• [WHAT IS NEEDED]: Retype, exactly as they stand, the lines from the start of the data to the line that contains "モールドは20✕4のブロック", both ends included. Leave the pictures out.

• [Data extracted from a collection]:
____________________

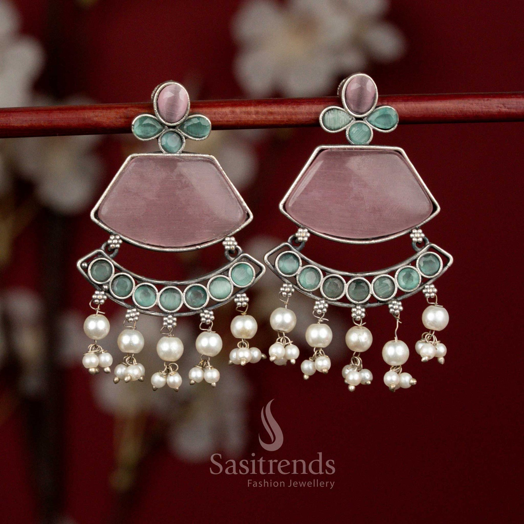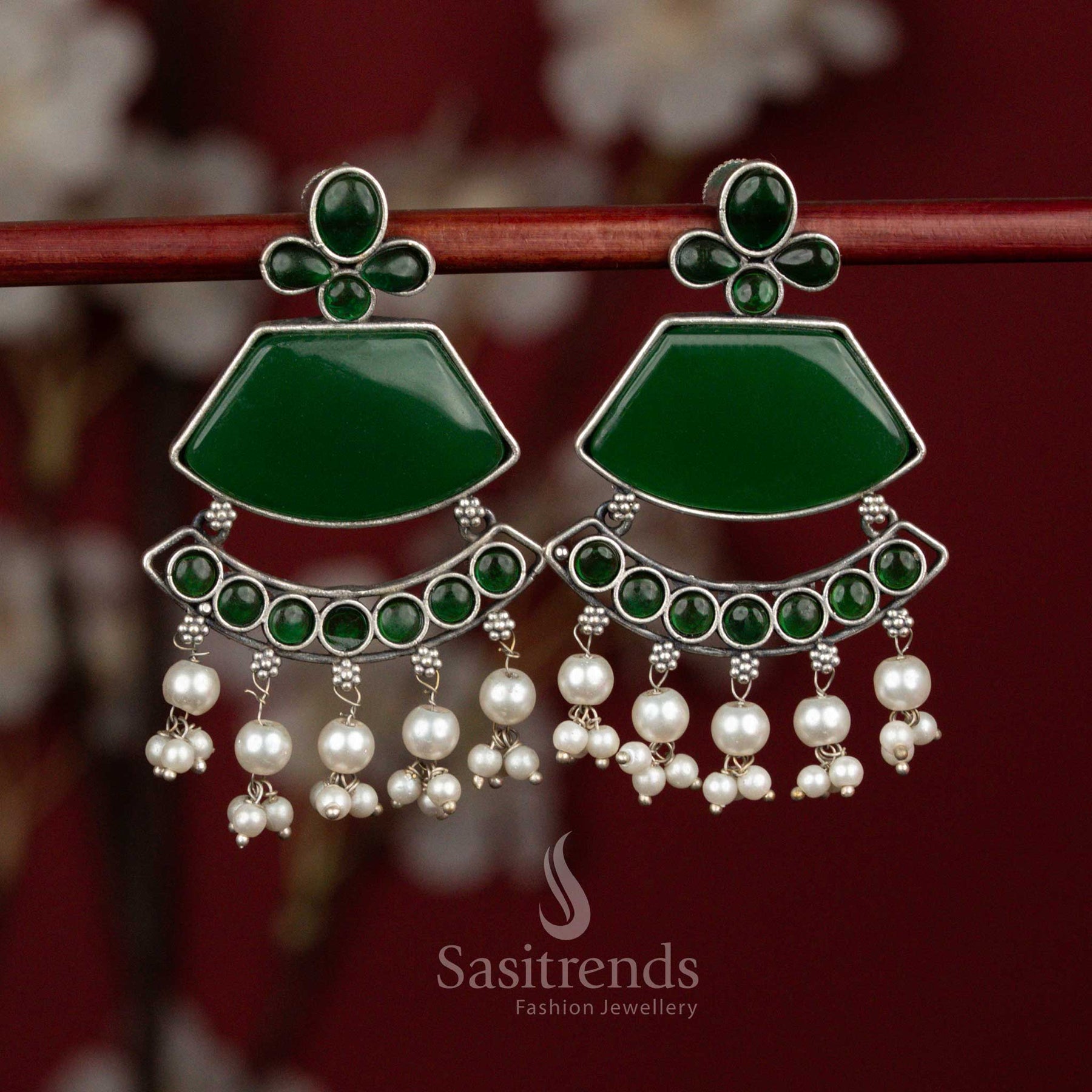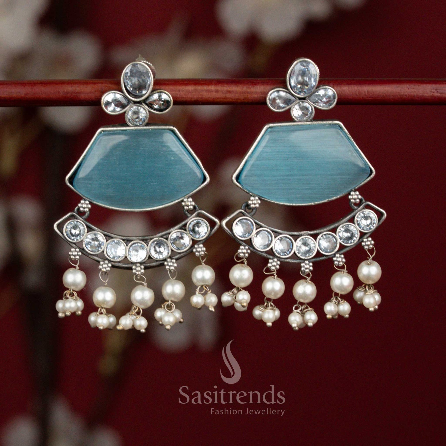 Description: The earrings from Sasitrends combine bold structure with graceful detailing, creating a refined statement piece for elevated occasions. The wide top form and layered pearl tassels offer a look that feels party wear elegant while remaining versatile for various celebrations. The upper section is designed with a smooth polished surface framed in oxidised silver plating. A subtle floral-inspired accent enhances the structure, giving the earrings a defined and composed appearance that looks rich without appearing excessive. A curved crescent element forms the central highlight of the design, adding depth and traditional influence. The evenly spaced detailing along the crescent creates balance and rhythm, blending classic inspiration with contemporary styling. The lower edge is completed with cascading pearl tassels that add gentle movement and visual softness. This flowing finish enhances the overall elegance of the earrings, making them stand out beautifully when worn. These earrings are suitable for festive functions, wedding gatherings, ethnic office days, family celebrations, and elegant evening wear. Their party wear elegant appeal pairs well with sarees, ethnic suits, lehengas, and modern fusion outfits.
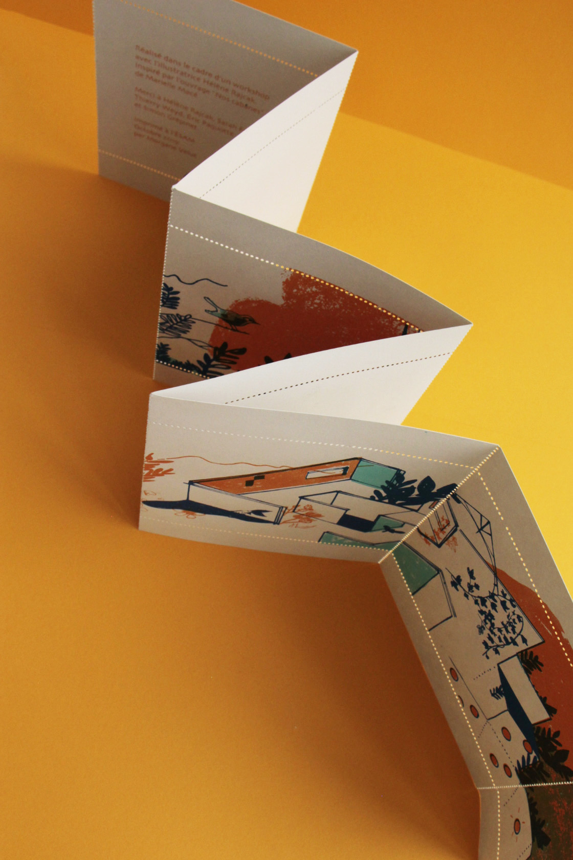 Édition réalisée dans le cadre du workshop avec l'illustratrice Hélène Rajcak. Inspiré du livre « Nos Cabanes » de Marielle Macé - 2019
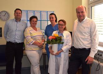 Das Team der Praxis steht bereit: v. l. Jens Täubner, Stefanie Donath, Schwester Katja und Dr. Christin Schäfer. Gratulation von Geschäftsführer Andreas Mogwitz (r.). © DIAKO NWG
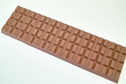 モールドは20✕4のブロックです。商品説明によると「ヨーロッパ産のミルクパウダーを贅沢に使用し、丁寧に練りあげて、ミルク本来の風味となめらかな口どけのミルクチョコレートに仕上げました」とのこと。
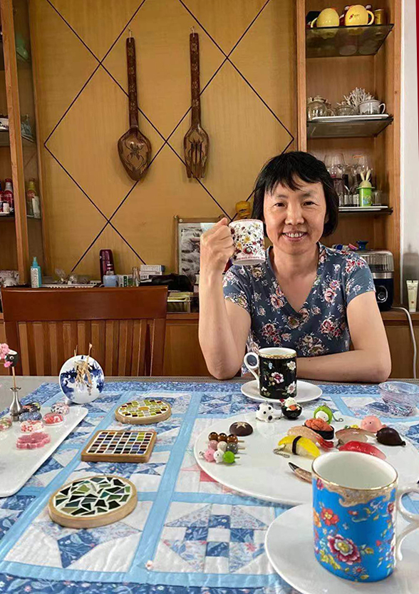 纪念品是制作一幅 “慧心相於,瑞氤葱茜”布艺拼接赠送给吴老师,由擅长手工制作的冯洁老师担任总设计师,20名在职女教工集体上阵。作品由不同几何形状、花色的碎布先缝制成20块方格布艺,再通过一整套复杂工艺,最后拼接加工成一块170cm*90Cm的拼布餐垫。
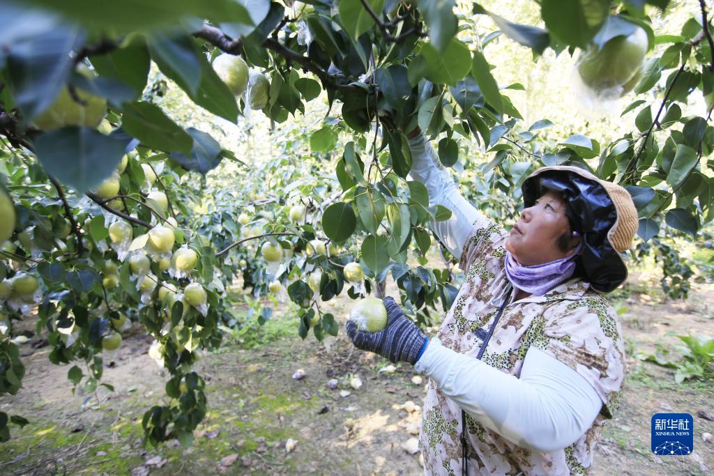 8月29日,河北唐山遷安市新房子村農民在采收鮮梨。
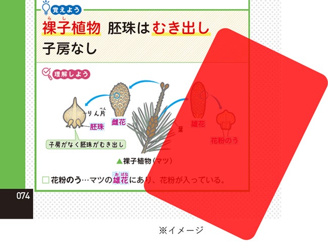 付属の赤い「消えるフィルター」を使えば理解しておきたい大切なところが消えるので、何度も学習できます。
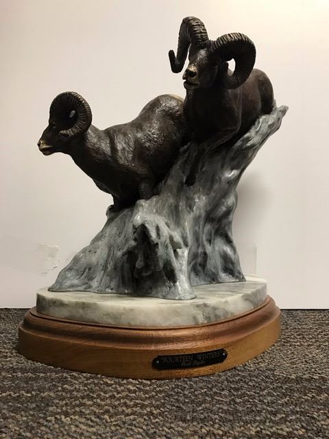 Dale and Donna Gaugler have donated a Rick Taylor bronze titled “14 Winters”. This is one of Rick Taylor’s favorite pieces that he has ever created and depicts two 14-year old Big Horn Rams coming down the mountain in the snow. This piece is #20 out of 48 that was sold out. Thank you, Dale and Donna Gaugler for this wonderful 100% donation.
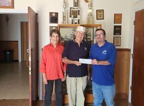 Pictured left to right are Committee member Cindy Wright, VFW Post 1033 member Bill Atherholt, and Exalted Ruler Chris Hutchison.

____________________

• [RESPONSE]:
 Description: The earrings from Sasitrends combine bold structure with graceful detailing, creating a refined statement piece for elevated occasions. The wide top form and layered pearl tassels offer a look that feels party wear elegant while remaining versatile for various celebrations. The upper section is designed with a smooth polished surface framed in oxidised silver plating. A subtle floral-inspired accent enhances the structure, giving the earrings a defined and composed appearance that looks rich without appearing excessive. A curved crescent element forms the central highlight of the design, adding depth and traditional influence. The evenly spaced detailing along the crescent creates balance and rhythm, blending classic inspiration with contemporary styling. The lower edge is completed with cascading pearl tassels that add gentle movement and visual softness. This flowing finish enhances the overall elegance of the earrings, making them stand out beautifully when worn. These earrings are suitable for festive functions, wedding gatherings, ethnic office days, family celebrations, and elegant evening wear. Their party wear elegant appeal pairs well with sarees, ethnic suits, lehengas, and modern fusion outfits.
 Édition réalisée dans le cadre du workshop avec l'illustratrice Hélène Rajcak. Inspiré du livre « Nos Cabanes » de Marielle Macé - 2019
 Das Team der Praxis steht bereit: v. l. Jens Täubner, Stefanie Donath, Schwester Katja und Dr. Christin Schäfer. Gratulation von Geschäftsführer Andreas Mogwitz (r.). © DIAKO NWG
 モールドは20✕4のブロックです。商品説明によると「ヨーロッパ産のミルクパウダーを贅沢に使用し、丁寧に練りあげて、ミルク本来の風味となめらかな口どけのミルクチョコレートに仕上げました」とのこと。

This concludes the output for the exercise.